Insomma, da quel che emerge dal materiale pubblicato da Guerlin, non se la passava poi così male, indubbiamente molto meglio di tanti italiani rimasti senza lavoro, senza casa, molto meglio di tanti nostri giovani costretti a fare affidamento sui genitori, ingiustamente diventati veri e propri ammortizzatori sociali mentre lo Stato era impegnato a raccogliere clandestini provenienti dal canale di Sicilia per trasferirli poi alle cooperative e alle organizzazioni ecclesiastiche che si occupano di “migranti”.

Del resto ci sono altri filmati pubblicati da un suo amico ivoriano (estraneo ai fatti), sulla propria pagina Facebook, girato all’interno di un’ampia sala da pranzo nel pesarese, forse in un centro di accoglienza. Stanza munita di tv a schermo piatto dove i “rifugiati” banchettano allegramente. Musica “a palla”, piatti stracolmi, bibite, telefonini con tanto di collegamento bluetooth all’orecchio.

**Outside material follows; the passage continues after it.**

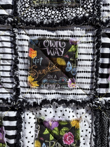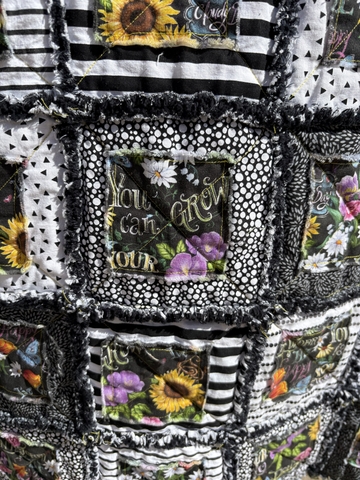 Handmade black and white rag quilt. It is 100% cotton. It measures 42" wide x 52" in length. It has been washed twice to start the "ragging" process. The more it is washed and dried, the softer and smuggler it becomes! ❤️

Tornando al discorso iniziale, questa volta non si tratta di irregolari, di delinquenti di strada che vivono ai margini della società nascondendosi in non-luoghi di qualche metropoli, i due minori marocchini sono infatti figli di immigrati regolari, le cosiddette “seconde generazioni”. Ok, un paio di loro hanno precedenti per furto e spaccio, ma nulla di più. Soggetti residenti in piccoli paesi del pesarese, facilmente riconoscibili una volta diffuse le immagini delle telecamere dove venivano immortalati dopo la duplice aggressione. Non potevano far altro che consegnarsi, perché ormai era questione di ore.

Anche il capobranco aveva capito che la faccenda si stava mettendo male, del resto anch’egli era esterno al girone degli irregolari, ospitato in un centro di accoglienza e con le impronte presenti nel “cervellone” delle Forze dell’Ordine. A quel punto ha pensato di “tagliare la corda” verso la Francia, ma non ha fatto in tempo. Era rimasto solo lui, anche il nigeriano era già caduto nella rete.

Contesti di vita differenti ma collegati tra loro: un capobranco congolese richiedente asilo, ospitato in un centro di accoglienza e libero di scorazzare e delinquere nella zona assieme a soggetti appartenenti alle cosiddette “seconde

generazioni”, soggetti che non si sono mai integrati, trovando invece maggior affinità con il congolese e il nigeriano. Vale la pena riflettere bene su questo caso, in particolare quando si parla di ius soli e di accoglienza.